I get what you're saying here, but it IS the 80-90% of the show. It's like saying you don't care about the terrorism of Homeland. And it isn't a gabillion items, it were the themes that have tied that specific episode AND the season all together. Its not even some really deep reading. I also need to go watch that episode of South Park. This is from the A.V. Club, it's not complicated at all, but it is the reason it happened and the justification for it as well. Well she was talking about it with Abe like they could get out of it quick, but I guess not. Maybe she's staying in it as a way to grow and fight through. There has been less outside noise these last two episodes.
Please remember this sentence when you watch that South Park episode. I imagine the author who wrote this pulling another classic South Park moment a second after writing it:
It's possible, I suppose, but that look on Benson's face in Pete's office when Pete called being gay disgusting or something seemed to be one of genuine hurt. And that was before he doubled down with the grade-school knee bump seduction. If anything, I think his Lloyd Braun act is how he compensates. Also, he clearly fits what I'm going to assume is Weiner's 1960s version of gay: sensitive and immune to the charms of women. See: Sal Romano.
You're underestimating the power of nostalgia. He's at a summer camp with his boy and there's the mother of his children looking model-hot like she did when they first met. Add that to the fact that he still has a functional penis, and it didn't surprise me a bit that he wanted to hit that. As far as Betty goes, fuck yeah she'd try to seduce Don. He was the one that got away. She was a sexy motherfucker and he was stepping out on her every minute, so she goes and gets a nice new (and powerful and attractive) husband, but is there closure for the blow to her self-esteem? Hell no. Then she gets fat, feels like a piece of shit, and then gets hot again and here is sex-dripping-out-of-every-pore Don Draper, giving her that look that he used to reserve for the women he was cheating on her with. Now she's the girl he can cheat on his wife with. What a fucking rush, right, Betty? And then to walk away from it all right into the arms of her hot, rich husband who also has a respectable family background. It's the only time I thought, "Fuck yeah, get that shit, you dumb fucking cunt." But I didn't really give it a lot of thought, so who knows.
So Bob is smiley gay Don? And Peggy is now grown up Sally, disillusioned and disappointed with the Old Man. I honestly think Don isn't doing this stuff to fuck with Ted, or at least he wasn't until Ted started up with his little girl. Hey, has anyone noticed that Pete is a slimy excuse for a human?

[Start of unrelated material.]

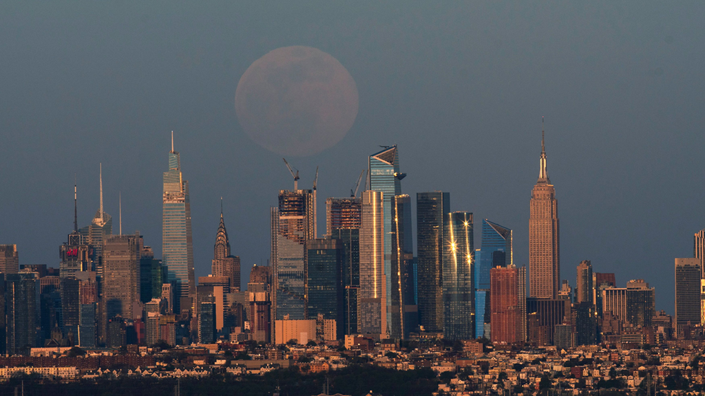 4月26日在美國新澤西州西奧蘭治拍攝的從紐約曼哈頓上空升起的滿月。新華社/路透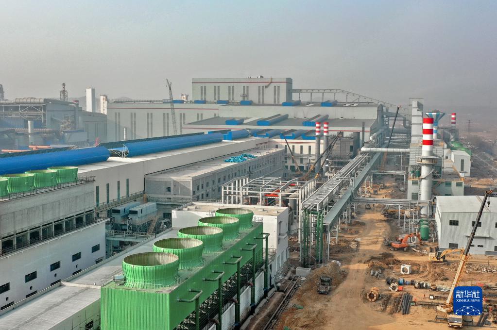 3月20日,工人在項目建設工地施工(無(wú)人機照片)。

I don't...think...I'm really getting Mad Men this season. I'm enjoying it, for the most part, but after almost every episode I have this uneasy feeling that things are going over my head and I'm not getting the Bigger Picture yet. Maybe I'm supposed to be feeling that way, or something, but I've always felt that I've been pretty good at understanding the subtext and the subtlety and the symbolism and all that, and while I don't think I'm missing everything on a smaller scale, I think there's something that hasn't really fallen into place for understanding the meaning of the season as a whole. I got the departure from the norm last season because of the big culture shifts that were going on, but this season feels so chaotic - which I've been wondering is maybe the point itself seeing as what the country was like in '68. Most of what I read seems to be similarly scrambling to make sense of it, though, so I don't feel too bad. But, I'm kind of hoping that the finale will have some kind of "ooooooohhhhhhhhh" moment that will tie things together or clear things up even somewhat.